Data provided START

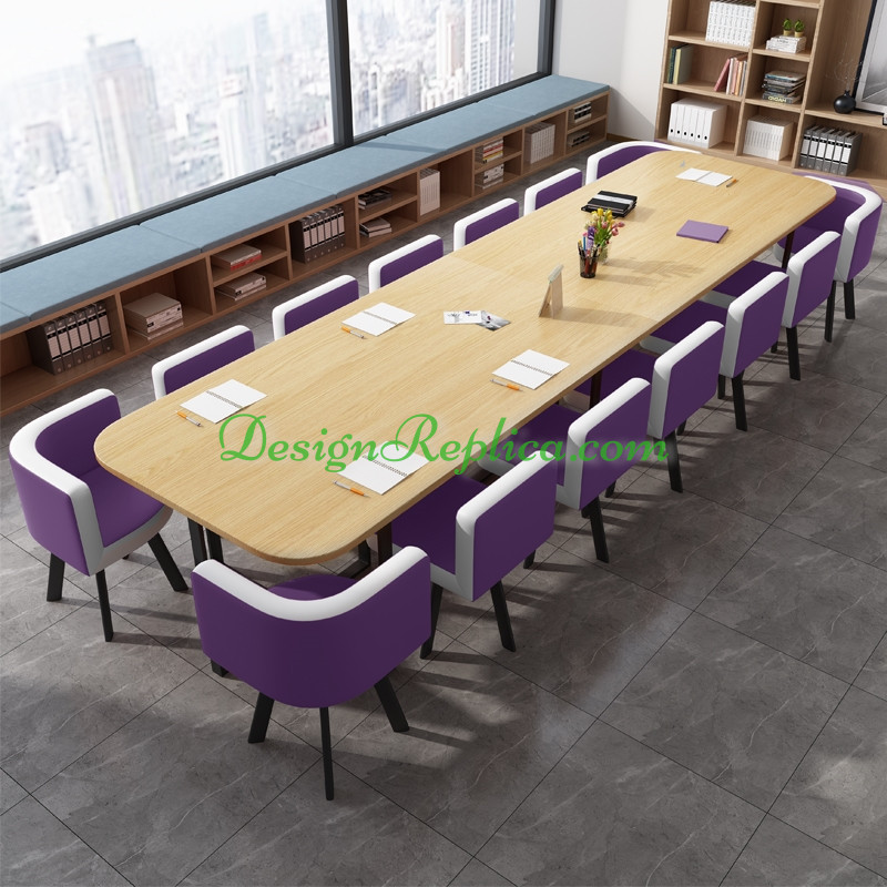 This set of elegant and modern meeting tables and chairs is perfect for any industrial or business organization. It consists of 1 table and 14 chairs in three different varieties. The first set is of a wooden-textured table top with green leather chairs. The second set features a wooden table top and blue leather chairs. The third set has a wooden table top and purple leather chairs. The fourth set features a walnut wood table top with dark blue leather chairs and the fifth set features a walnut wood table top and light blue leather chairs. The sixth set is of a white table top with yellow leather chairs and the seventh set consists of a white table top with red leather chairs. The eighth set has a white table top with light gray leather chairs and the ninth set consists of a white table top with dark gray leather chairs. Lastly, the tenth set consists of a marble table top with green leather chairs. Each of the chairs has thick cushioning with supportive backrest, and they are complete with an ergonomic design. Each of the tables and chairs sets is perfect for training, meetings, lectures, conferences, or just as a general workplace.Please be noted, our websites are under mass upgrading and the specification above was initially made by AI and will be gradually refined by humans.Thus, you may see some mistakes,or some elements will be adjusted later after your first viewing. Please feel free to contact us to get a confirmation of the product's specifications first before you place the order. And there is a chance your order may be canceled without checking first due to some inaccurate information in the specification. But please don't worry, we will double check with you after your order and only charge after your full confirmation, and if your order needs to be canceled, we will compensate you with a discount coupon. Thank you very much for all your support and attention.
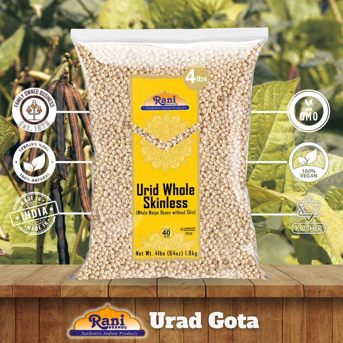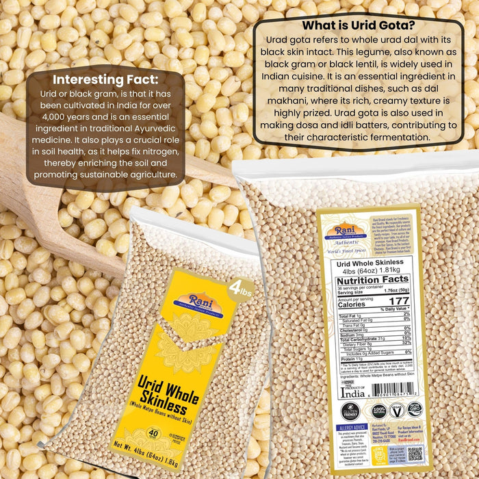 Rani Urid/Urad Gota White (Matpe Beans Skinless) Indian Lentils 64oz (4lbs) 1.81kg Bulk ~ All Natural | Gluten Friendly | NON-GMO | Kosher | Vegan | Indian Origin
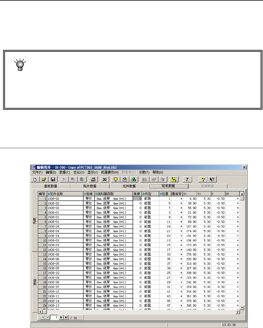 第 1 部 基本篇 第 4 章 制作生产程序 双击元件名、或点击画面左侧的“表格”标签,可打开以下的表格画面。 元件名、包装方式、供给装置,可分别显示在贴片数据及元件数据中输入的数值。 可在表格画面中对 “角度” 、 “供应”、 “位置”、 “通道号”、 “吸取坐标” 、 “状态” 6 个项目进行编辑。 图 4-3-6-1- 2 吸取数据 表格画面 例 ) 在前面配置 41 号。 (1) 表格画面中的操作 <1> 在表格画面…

Data provided END

Every line of the data above should be returned exactly, with the pictures removed.

## Worked solution
 This set of elegant and modern meeting tables and chairs is perfect for any industrial or business organization. It consists of 1 table and 14 chairs in three different varieties. The first set is of a wooden-textured table top with green leather chairs. The second set features a wooden table top and blue leather chairs. The third set has a wooden table top and purple leather chairs. The fourth set features a walnut wood table top with dark blue leather chairs and the fifth set features a walnut wood table top and light blue leather chairs. The sixth set is of a white table top with yellow leather chairs and the seventh set consists of a white table top with red leather chairs. The eighth set has a white table top with light gray leather chairs and the ninth set consists of a white table top with dark gray leather chairs. Lastly, the tenth set consists of a marble table top with green leather chairs. Each of the chairs has thick cushioning with supportive backrest, and they are complete with an ergonomic design. Each of the tables and chairs sets is perfect for training, meetings, lectures, conferences, or just as a general workplace.Please be noted, our websites are under mass upgrading and the specification above was initially made by AI and will be gradually refined by humans.Thus, you may see some mistakes,or some elements will be adjusted later after your first viewing. Please feel free to contact us to get a confirmation of the product's specifications first before you place the order. And there is a chance your order may be canceled without checking first due to some inaccurate information in the specification. But please don't worry, we will double check with you after your order and only charge after your full confirmation, and if your order needs to be canceled, we will compensate you with a discount coupon. Thank you very much for all your support and attention.
 Rani Urid/Urad Gota White (Matpe Beans Skinless) Indian Lentils 64oz (4lbs) 1.81kg Bulk ~ All Natural | Gluten Friendly | NON-GMO | Kosher | Vegan | Indian Origin
 第 1 部 基本篇 第 4 章 制作生产程序 双击元件名、或点击画面左侧的“表格”标签,可打开以下的表格画面。 元件名、包装方式、供给装置,可分别显示在贴片数据及元件数据中输入的数值。 可在表格画面中对 “角度” 、 “供应”、 “位置”、 “通道号”、 “吸取坐标” 、 “状态” 6 个项目进行编辑。 图 4-3-6-1- 2 吸取数据 表格画面 例 ) 在前面配置 41 号。 (1) 表格画面中的操作 <1> 在表格画面…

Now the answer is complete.